Genève et le Jura sont nés ensemble, en faux jumeaux, de l

Transcription

Genève et le Jura sont nés ensemble, en faux jumeaux, de l
Entre Genève
et Délémont
Un air de famille
Par Joëlle Kuntz
G
enève et le Jura sont nés ensemble, en faux
jumeaux, de l’effondrement de l’Empire napoléonien auquel ils étaient annexés. Ils n’en ont
pas conçu un fort esprit de famille. Non, ils ont
gardé leurs distances. Au Congrès de Vienne, en 1815,
quand se redessinaient les frontières européennes, le
Genevois Charles Pictet de Rochemont soutenait l’idée
que la France prenne l’Ajoie – il disait «le Porrentruy»
– et cède en échange le Pays de Gex à Genève, qui cherchait à s’agrandir. La France hésita puis se refusa à «livrer les catholiques gessiens» à la citadelle protestante,
comme disait Talleyrand. Quand elle «livra» les catholiques du Jura à la Berne réformée, ce fut à la condition
qu’ils puissent garder leur foi. Ils la gardèrent et, de ce
fait, ne devinrent jamais de vrais Bernois. Et c’était avec
Berne que Genève était amie. La Question jurassienne a
commencé à Vienne.
Elle a fait halte à Genève dans les années 1910. Des intellectuels dans la mouvance de Gonzague de Reynold
et Robert de Traz y fondèrent un Mouvement national
jurassien qui s’inscrivit comme la section jurassienne
de la Nouvelle société helvétique. Elitaire, il ne dura pas.
En 1916, une Association des patriotes jurassiens prit la
relève. Elle organisa en 1917 une conférence en ville où
était revendiqué le droit des Jurassiens de fonder leur
canton. La polémique commença aussitôt. Le Journal de
Genève dénonçant les autonomistes comme cléricaux
tandis que le Courrier, l’organe du parti catholique, prenait leur défense.
En 1930, un article publié dans les Cahiers romands, sous
la signature du journaliste genevois Edmond Maître,
exaltait la «race latine» dont le Jura aurait formé la
«Marche du Nord» face au germanisme. Cette prose au
ton maurassien, rêve de poètes voyant le Jura comme la
«troisième île française», «l’île romande», n’a pas fait
école au bout du lac et le courant de droite de la cause
jurassienne a rejoint après la guerre les réseaux de la
Ligue vaudoise.
A Genève, c’est l’Association des amis du Jura, formée
en 1961 autour du professeur Aldo Dami, un spécialiste
des minorités européennes, qui a eu le plus d’influence
comme groupe de pression. Elle a bénéficié du soutien
du Courrier, qui poursuivait sur sa lancée.
Entretemps, l’attitude méprisante du gouvernement
bernois envers les Jurassiens francophones avait rallié
beaucoup de sympathies en faveur d’un nouveau canton. Les Jurassiens eux-mêmes, nombreux dans la place,
popularisaient leurs arguments. En décembre 1962, le
Rassemblement jurassien fondait à Genève l’Association des Jurassiens de l’extérieur, l’une des 22 sections
cantonales qu’il mettait sur pied dans le pays pour faire
avancer son projet.
Les premières manifestations de force des groupes
indépendandistes des années septante déplurent aux
Genevois par leur forme mais pas sur le fond. Comme
ailleurs en Suisse, la crainte de la violence et du désordre inspirait la condamnation de «l’extrémisme»
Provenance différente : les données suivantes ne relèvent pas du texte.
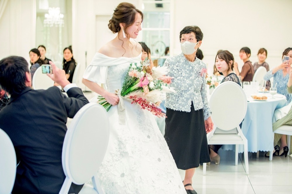 S 様の中座は、大好きなお祖母様と、K 様はお兄様にエスコートをしていただきました。
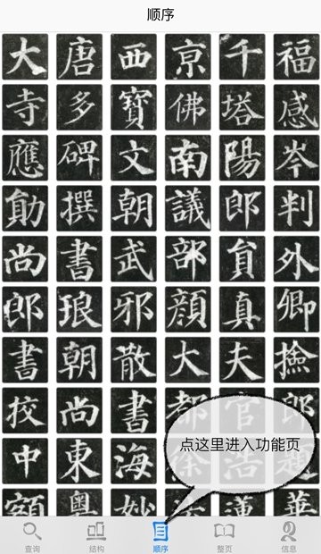 4、工具页提供“书法字典”功能,书法字典可控制朝代、字体范围,查询结果以碑帖为单元,点击进入单字页,罗列改碑帖同。
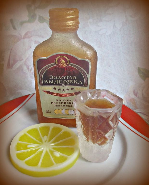 Лена, ну как всегда супер! Стопка с коньяком просто как настоящая, но этому я уже не удивляюсь. А вот что в бутылке даже как будто уровень видно, линия жидкости — это поразительно
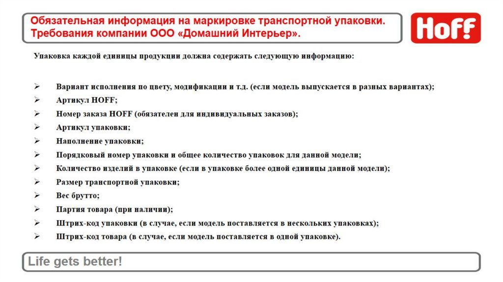 Обязательная информация на маркировке транспортной упаковки. Требованиякомпании ООО «Домашний Интерьер».
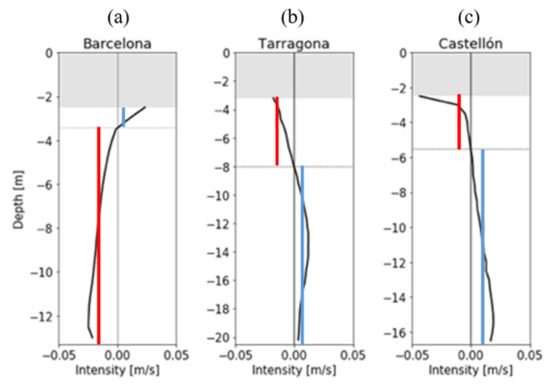 The current velocity profiles (Figure 7), derived from the averaged velocities in each measurement layer, showed a two-layer circulation in all three cases, which was persistent during the whole study period. In Barcelona (Figure 7a), a surface layer of approximately 4 m was observed flowing towards the northern part of the harbour (positive values), with a thicker, deep layer flowing towards the southern basin (negative values). In contrast, in Tarragona and Castellón (Figure 7b,c), the opposite distribution was observed, with surface currents flowing out of the harbour and seawater entering through the deeper layers. Because of the small intensity of the observed currents, only averaged values have been presented, since they are the only ones suitable for further comparisons and cross-calibration.

mais en même temps, la condamnation de l’intransigeance bernoise. A travers ses journaux, l’opinion
genevoise réclamait «de la mesure», du «dialogue»,
de la «bonne foi». Le Journal de Genève avait cessé de
voir dans les Jurassiens des catholiques. Ils étaient
devenus, pour autant qu’ils sachent se tenir, des
Suisses dignes d’un Etat cantonal. Le journal attendait
que Berne reconnût le fait.
Quand ce fut le cas, après tout le processus de négociations, de crises, de votations controversées qui aboutit
au référendum national sur la création du 23e canton, le
Conseil d’Etat genevois sortit de sa réserve habituelle et
proclama in corpore, quelques jours avant le vote, son
plein soutien au nouveau venu. Il était fier du bon fonctionnement des institutions suisses. Le 24 septembre
1978, la participation genevoise au vote (37, 28%) était
un peu plus faible que la moyenne suisse mais Genève
était le deuxième canton le plus enthousiaste après le
Tessin: il était pour le Jura à 91,7%.